- Interactive map of the Sealers' Oven area

General information
- Type: Man-made structure of mud and stone
- Location: Albany, Western Australia
- Coordinates: 34°53′40.6″S 118°20′02.3″E﻿ / ﻿34.894611°S 118.333972°E

Western Australia Heritage Register
- Type: State Registered Place
- Designated: 9 May 1997
- Reference no.: 3343

= Sealers' Oven =

Bread oven built by sealers around 1800 near Albany, Western Australia

Sealers' Oven is a man-made structure of mud and stone located on Waychinicup Inlet near Albany, Western Australia. Believed to be a semi-permanent bread oven built by sealers around 1800, it predates European colonisation of Western Australia by over twenty years, and is therefore one of the state's oldest non-Indigenous artefacts.

Built on a granite outcrop about 4 m above the high tide line, it is a roughly circular kiln about 1 m high and 1.5 m across.

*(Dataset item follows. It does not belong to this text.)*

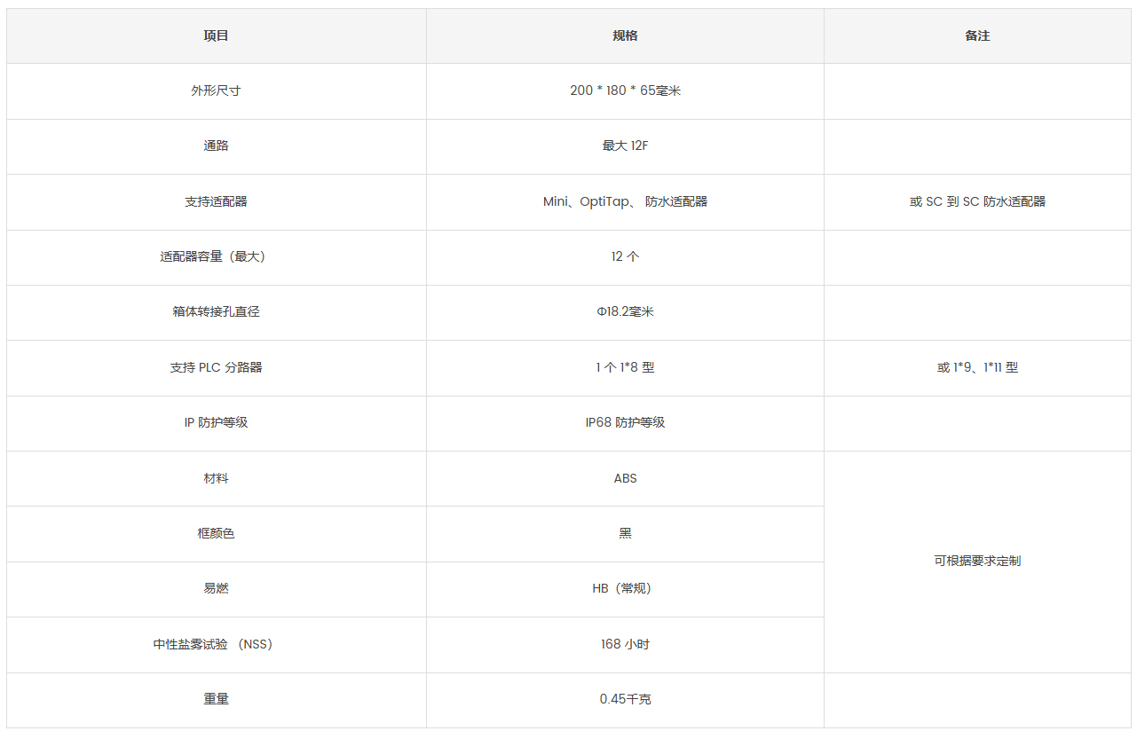 预连接光纤分线箱 12 芯黑色 ABS 保护带防水适配器特点:

At the top there is an access hole about 30 cm across, and there are two small ventilation holes at the base on the eastern side. It is built from granite stones, broad and flat at the bottom but somewhat larger and more circular at the top, suggesting that it may have been partially rebuilt.

Sealers' Oven has been known of since the early days of colonisation, but was neither used nor protected until 1973, when the Government of Western Australia established a twelve square metre reserve around the oven at the request of the National Trust of Australia. It was classified by the National Trust in 1977, and has been part of the Waychinicup National Park since the park's establishment in 1990. In 1997 it was placed on the Heritage Council of Western Australia's Register of Heritage Places.